Bitcoin, blockchain and ICOs: Confused? We explain

In a few short years, cryptocurrencies like bitcoin have assumed a big role in global finance. We explain how they work, the risks to traditional money systems and the revolutionary technology behind them.

Bitcoin in 2017
Bitcoin in 2017 - Bloomberg

Bitcoin is no longer just for geeks in obscure corners of the internet. Today you can use the digital currency to fly to Britain, buy an apartment and enroll in the London Sushi Workshop. Fans like its libertarian footing, how it dodges government control and how – especially in this privacy-challenged era – it boosts anonymity. But some detractors blast bitcoin and other cryptocurrencies as a “fraud,” while others argue that they fuel cybercrime.

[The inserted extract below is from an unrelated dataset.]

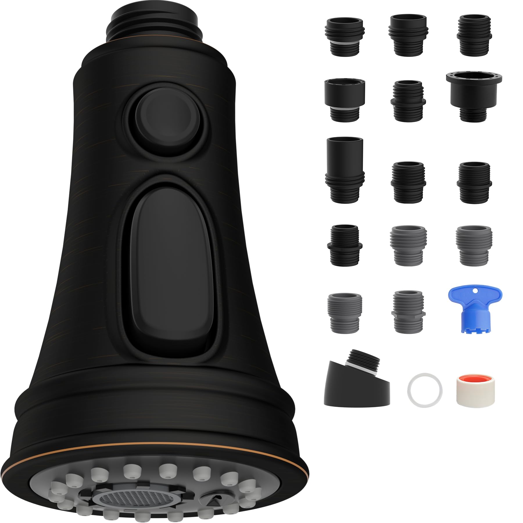 3 Function Kitchen Sink Sprayer: The kitchen sink faucet head features stream, spray, and high-pressure rinsing modes. The high-pressure rinsing mode delivers powerful water flow, making it easy to remove food debris with blade-like water. Use the stream and spray modes for daily cleaning tasks. Effortlessly switch between functions by pressing the button 15 Connection Sizes for Broad Compatibility: The faucet spray head replacement includes 15 adapters and is compatible with Moen, Delta, AquaSource, Kohler, Hansgrohe, and Grohe. It is not compatible with Pfister and Glacier. Key Note on Compatibility: It is primarily determined by the thread size of your faucet. Even for the above-mentioned compatible brands, a size mismatch will result in incompatibility. Please check the faucet size before ordering Removable & Washable Faucet Aerator: An aerator key is included for removing the faucet aerator. The interior multi-mesh aerator creates a quiet, no-splashing aerated stream, with most impurities being filtered out. The faucet aerator can be removed and cleaned to ensure clean water and continuous flow. Certified to NSF, cUPC, and low-lead standards, this faucet head adheres to strict health and performance requirements—ensuring safe water use and reliable functionality Premium Quality & Leak-Proof Performance: This pull-down kitchen faucet head replacement is crafted from engineering-grade plastic (PC/ABS) for durability. Its finish effectively resists daily rusting, ensuring long-lasting use and reliable quality. When installed correctly, the sprayer head delivers a tight seal with zero water dripping Easy Installation & No-Splash: No tools are required—installation is a breeze. Simply unscrew your old faucet head and replace it directly with this kitchen sink faucet replacement head. The water flow from this pull-down sprayer replacement head is consistent and stable, effectively preventing splashing 1. Package includes 15 different connection adapters, making this pull-down kitchen faucet spray head replacement compatible with major brands, including compatible with Moen, Delta, AquaSource, Kohler, Hansgrohe, and Grohe, etc. (Not including Pfister or Glacier) So it will meet your all requirements. 2. Provides 3 spray modes for you to choice, wide spray and aerated stream, and unique flushing modes, you just need to press the button to switch from stream to spray, or press the round button to change to the flushing, it will give you a comfortable operation experience.

Unlike the American dollar or British pound – which are guaranteed by central banks that set interest rates and print currency, stabilizing their value – bitcoin is decentralized. No one controls it. In part for that reason, its value has yo-yoed wildly. After more than quadrupling against the dollar between January and August 2017, bitcoin fell by a third in the first two weeks of September. Some blamed a crackdown on digital currencies in China and the “fraud” comments from J.P. Morgan Chase CEO Jamie Dimon, who compared bitcoin to the Dutch tulip bubble of the 17th century. Yet as Fortune magazine noted, bitcoin meltdowns have been a regular feature of its brief lifetime.

This volatility makes it unlikely bitcoin (or another cryptocurrency, such as ethereum) will become an effective store of value (like gold) or a unit of account (like the dollar) anytime soon. You wouldn’t want to be paid in bitcoin, since your real (i.e., dollar-denominated) salary would fluctuate all over the place. And you wouldn’t want to spend bitcoin today if you think it’d be worth a lot more tomorrow.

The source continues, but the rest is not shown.